The existing, highly prescriptive rules are being reduced to just 13 shorter rules. The new, shorter rules offer law firms, of differing shape and size, the flexibility to introduce new systems and procedures that both protect client money, as well as introducing practicalities for the firm.
This flexibility, whilst offering a lot of positive changes for law firms will not be without its challenges. Implementing principles-based policies via a system geared to ensure compliance with highly detailed rules requires both thought and discussion. Naturally, there will be some upheaval in changing procedures, but firms should embrace the opportunities the changes present, for example, new systems that will save administration time whilst still being able to demonstrate overall compliance.

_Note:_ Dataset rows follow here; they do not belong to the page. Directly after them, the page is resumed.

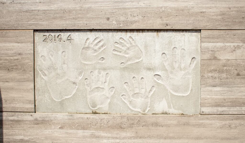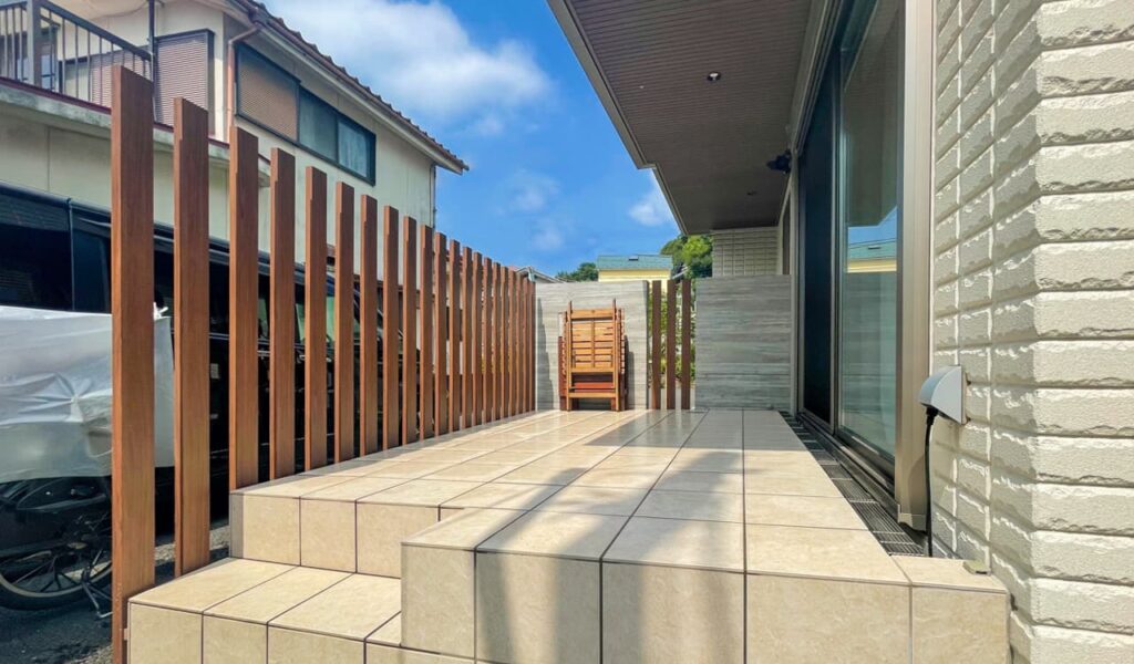 幅広の列柱で目隠しされたタイルデッキは、少しの汚れならすぐに洗い流せるため、気兼ねなくお使いいただけます。デッキ奥の壁には、家族全員の手形のレリーフを飾りました。これにより、お客様家族の絆を象徴するとともに、唯一無二の外構となりました。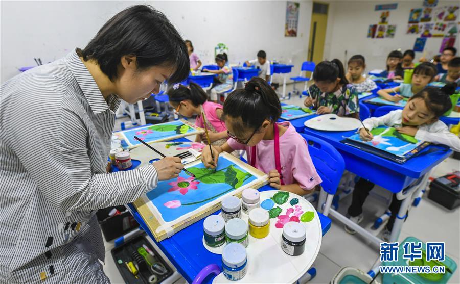 7月17日,孩子们在河北省大厂回族自治县青少年校外活动中心的暑期兴趣特色培训班学习水粉画。 正值暑期,河北省大厂回族自治县青少年校外活动中心举办“多彩生活 乐享暑假”暑期系列公益活动,开设茶艺、绘画、乒乓球等十多个兴趣特色培训班,丰富少年儿童暑期生活。 新华社记者 李晓果 摄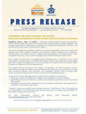 Sanctuary and WestCare Pacific Islands (WPI) are proud to announce their official merger, bringing together two trusted organizations dedicated to uplifting and supporting individuals, families, and communities across Guam and the Pacific region.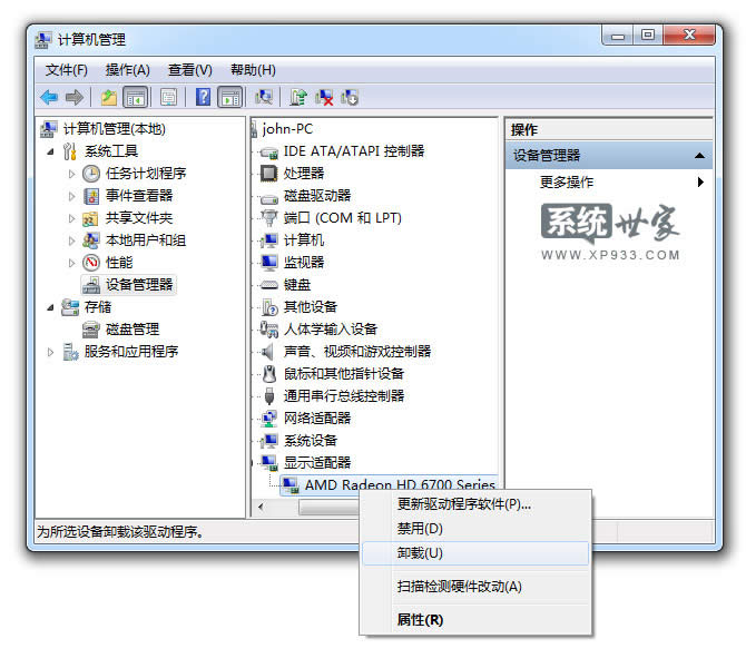 我們找到了驅(qū)動(dòng)的所在位置,那怎么卸載win7系統(tǒng)驅(qū)動(dòng)呢?其實(shí)很簡(jiǎn)單的,鼠標(biāo)點(diǎn)幾下就可以了,下面我們以《卸載顯卡驅(qū)動(dòng)》為例,如下圖。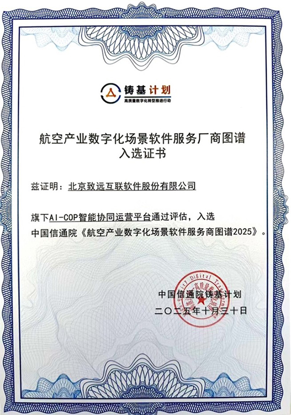 此次入选《航空产业数字化场景软件服务商图谱2025》,既是荣誉,更是责任。未来,致远互联将继续紧跟国家发展战略,深化航空与低空经济布局,加快核心技术攻关与场景创新,以AI-COP平台为核心引擎,联合产业链伙伴共建开放共赢的数字化生态,为中国航空事业迈向更高水平注入强劲的数字动能。

Changes to be aware of are:
→ Third-party managed accounts (TPMAs)
The introduction of TPMAs as a means for managing payments and transactions. The SRA expect to be notified when a firm uses a TPMA (via their TPMA form) and be kept up to date on any changes you make.
There are various references to ‘promptly’ in the 13 new rules. A principles-based approach allows the firm to apply their own interpretation of what constitutes as ‘promptly’. Thus, there are now no prescriptive time frames to adhere to, which allows firms to implement their own to suit their particular practice size and requirements.
→ Transfer of client monies for costs
The 14 day rule for transferring money earmarked for costs has now also be replaced with the word ‘promptly’. Particular care and attention should be applied in circumstances where billed costs become the firm’s money, as the principle of separation applies, meaning the money should not ‘languish’ in the client account. Again, firms must establish and document what they perceive to be a ’reasonable timeframe’. Whichever timeframe is agreed, this should specifically form part of policy, and cannot simply be implied.
What should law firms do to prepare for the changes?
As a starting point, each COLP, COFA and accounting team should read the new rules along with the available guidance on the SRA’s website, which can be found here. In short, law firms now need to ensure:
→ Client account reconciliations:
There is evidence of review of differences on the client account reconciliations. This should be conducted by a manager or the COFA. Whereas in the past this was recommended as best practice, this now forms part of the rules.
→ Credit balances:
There is evidence of regular review of credit balances on the office side of the ledger, ensuring client money is not incorrectly held there.
→ Closing files:
They establish and maintain up to date written processes that ensure client files are properly and promptly closed and balances repaid on a timely basis. We would suggest that this is part of the file close down procedures and this is completed after a short period, say 30 days. This is good housekeeping and should be kept up to date.
→ Client money retention:
There are systems in place to ensure client money retained is for proper reason and there is ongoing notification.
We expect that the changes will evolve over time and we anticipate further guidance from the SRA and other governing bodies, including the ICAEW, in the coming months.